By saying no to military tribunals at Guantánamo, the Supreme Court has clipped United States President George Bush’s wings after he sought to assert his authority in the name of security following the attacks of September 11 2001.

The court’s ruling last Thursday ”marked the end of the national security ‘state of emergency’ that has prevailed for nearly five years”, commentator David Ignatius wrote in The Washington Post.

”We can now see that after September 11 there was a grab for unlimited executive power, led by Vice-President [Dick] Cheney and his lawyer, David Addington,” Ignatius said.

”They intimidated or ignored critics within the White House and created a secret system unchecked by the other two branches of government.”
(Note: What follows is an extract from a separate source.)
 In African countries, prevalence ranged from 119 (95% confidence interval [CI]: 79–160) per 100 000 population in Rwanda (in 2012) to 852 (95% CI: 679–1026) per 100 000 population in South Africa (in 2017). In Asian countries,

The landmark five-to-three decision held the administration violated the Geneva Conventions and the US military code of justice by setting up military tribunals, or commissions, to try detainees held at a US naval base in Guantánamo Bay, Cuba.

The ruling ”showed that even the president must yield to the rule of law,” said Jonothan Turley, a law professor at George Washington University.
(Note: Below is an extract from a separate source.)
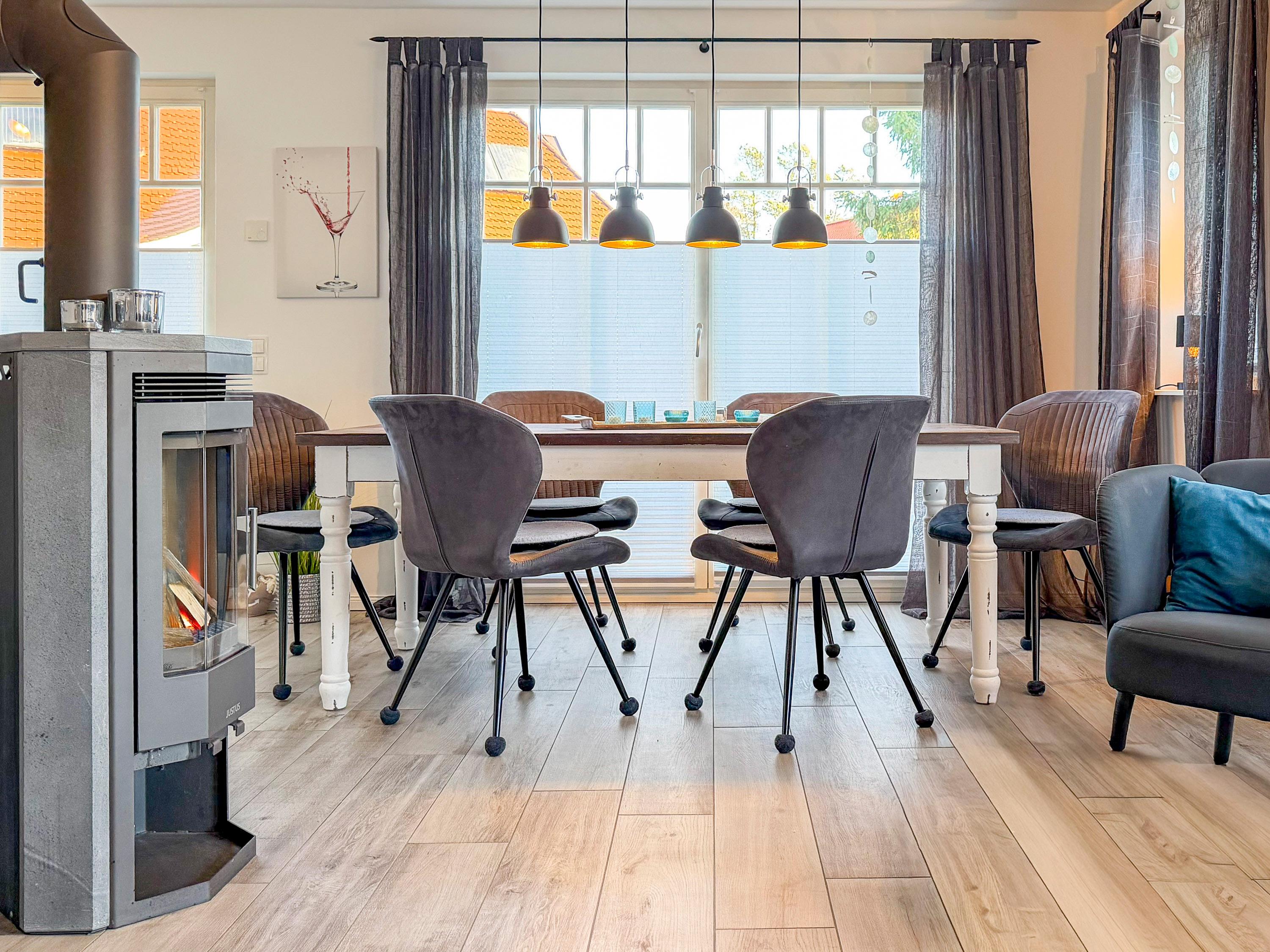 Das Dat Kroeger Hus empfängt Sie mit einer warmen und einladenden Atmosphäre. Der lichtdurchflutete Wohn-, Ess- und Küchenbereich im Erdgeschoss ist das Herz des Hauses und lädt zu entspannten Abenden ein – sei es bei einem guten Buch oder einem gemeinsamen Spieleabend. Die moderne Küche ist vollständig ausgestattet, sodass Sie mühelos köstliche Mahlzeiten für Ihre Liebsten zubereiten können.

The Guantánamo case ”has more to do with the president’s attempt to redefine the Presidency than it does to military commissions themselves,” Turley said.

But Bush’s supporters in the Republican Party dismissed suggestions that Bush had suffered a major defeat.

”This was not the major rebuff that some of the headlines heralded in this morning’s papers,” Senator John Cornyn told Fox News in the decision’s wake.

He said Congress could legalise the military tribunals by simply approving the rules set out for them by the US administration.

”All we have to do, or what we might do, is take the rules that the Pentagon has issued already and pass a law saying that we adopt those same military tribunal rules,” Cornyn said.

The Supreme Court initially cast doubt on Bush’s approach in a June 2004 decision, called Hamdi vs Rumsfeld, which ruled that a court cannot hold a US citizen captive without due process or without the possibility to challenge their detention before an impartial judge.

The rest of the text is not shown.